If you work with groups of children regularly, you hold a special power in building a healthy community that includes a sense of safety for children experiencing violence in their communities. Your caring presence itself is the power, because violence—and healing from its effects—is always about the breakdown and build-up of relationships between individuals.
Grown-ups may not be able to say “I can keep you safe all the time for the rest of your life,” but you can help children feel safer, more connected, and more self-regulated in a given moment. For instance, here are some things you might say to children (perhaps in a group meeting) after a violent event in the community:
- We’re in this together.
- The bad things that happen around you are not your fault.
- All of your feelings are okay.
- When you’re in a scary situation, it’s okay to feel afraid.
- There are all kinds of feelings. Big feelings like anger, fear, and sadness are normal when something like this happens. The feelings are not bad, it’s what we do with them that matters.
- We can handle tough feelings; we can name them and then let ourselves feel them for a little while.

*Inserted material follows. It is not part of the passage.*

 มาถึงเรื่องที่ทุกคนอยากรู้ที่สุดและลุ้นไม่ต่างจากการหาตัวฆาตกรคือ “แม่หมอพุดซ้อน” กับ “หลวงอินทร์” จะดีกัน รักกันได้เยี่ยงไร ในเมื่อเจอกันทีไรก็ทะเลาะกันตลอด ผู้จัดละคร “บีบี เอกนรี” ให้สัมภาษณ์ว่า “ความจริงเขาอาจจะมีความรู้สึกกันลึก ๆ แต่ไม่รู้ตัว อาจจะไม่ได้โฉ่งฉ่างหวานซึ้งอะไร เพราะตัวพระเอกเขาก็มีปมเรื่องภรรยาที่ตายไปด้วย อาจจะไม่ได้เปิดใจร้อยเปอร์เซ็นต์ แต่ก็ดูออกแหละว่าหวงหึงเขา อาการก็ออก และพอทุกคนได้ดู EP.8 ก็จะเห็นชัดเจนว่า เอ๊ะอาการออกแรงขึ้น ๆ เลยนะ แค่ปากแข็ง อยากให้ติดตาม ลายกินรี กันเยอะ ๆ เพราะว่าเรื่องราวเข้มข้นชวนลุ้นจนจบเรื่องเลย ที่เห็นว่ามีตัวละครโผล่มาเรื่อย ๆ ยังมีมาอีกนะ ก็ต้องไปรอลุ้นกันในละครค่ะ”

- There are lots of ways to help yourself when you’re having a hard time. For instance, one way to slow big feelings down is to take three deep breaths and focus on how your belly moves in and out.
- Bad things happen, but there are always people who are trying to help.

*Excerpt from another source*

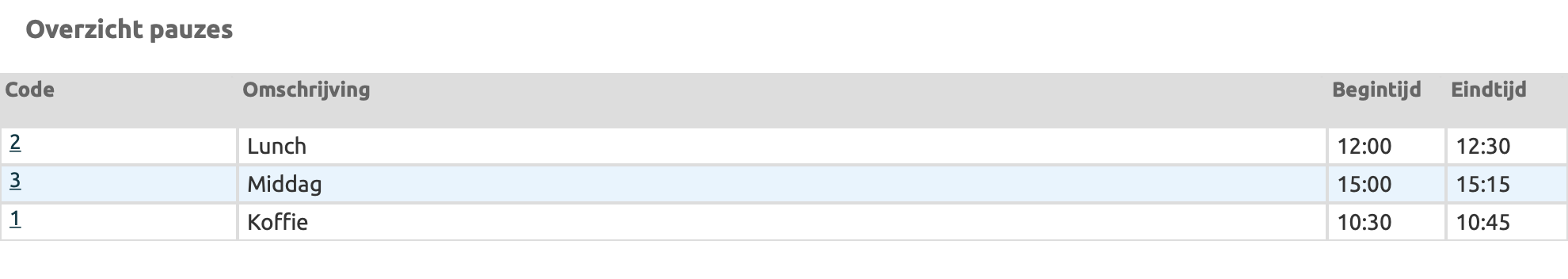 Code = korte code die deze pauze beschrijft, maximaal 15 tekens lang
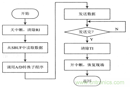 由于單片機(jī)多應(yīng)用于實(shí)時性較強(qiáng)的控制場合,為了盡量少占用CPU的時間,充分發(fā)揮CPU的功能。該系統(tǒng)在單片機(jī)程序設(shè)計(jì)中采用中斷方式與PC機(jī)進(jìn)行通信。主程序只進(jìn)行串行通信、數(shù)碼管實(shí)時顯示、模/數(shù)轉(zhuǎn)換結(jié)果的初始化和循環(huán)等待串行中斷工作,當(dāng)接收到PC機(jī)發(fā)來的信號時,就轉(zhuǎn)人中斷服務(wù)程序,進(jìn)行A/D轉(zhuǎn)換,并向Pc機(jī)發(fā)送數(shù)據(jù)。中斷服務(wù)子程序流程圖如圖6所示。

Using a trauma-informed lens in your work benefits everyone, because trauma-informed practices even benefit those who have not experienced trauma. You might start by building your understanding of the chronic stress that children living with the threat of violence experience, and how it can lead to the misunderstanding of social cues. For instance, children who have witnessed or experienced violence are more likely to interpret others’ actions as hostile because of the way they “scan the world.” A child may feel threatened by a teacher’s raised voice even if the teacher is not necessarily angry. Or a child may misunderstand a peer who is approaching quickly simply because they want to play, and respond with fear or aggression.
In addition, behavior problems such as poor impulse control, biting, kicking, and hitting may be an effect of children witnessing or living with violence. Feeling a pervasive sense of danger hinders self-regulation skills, and children lack the coping strategies necessary to positively manage their emotions and behaviors.
You can model healthy social-emotional skills in everyday moments. For instance, when you’re frustrated, you can narrate how you stay calm: “I’m so frustrated I need to take a time out/take three deep breaths.” You’ll be demonstrating how to handle tough emotions, rather than teaching that tough emotions are bad.
When you hear sirens outside, you can model empathy, compassion, and hope by reframing the experience for yourself and for children by saying: “Let’s close our eyes and send good wishes to whoever is hurt or in danger.”
Children may feel powerless in the face of the challenges in their community, but you can remind them that when they are kind to others, when they share, take turns, and use words for their feelings, they are making our world safer and more peaceful.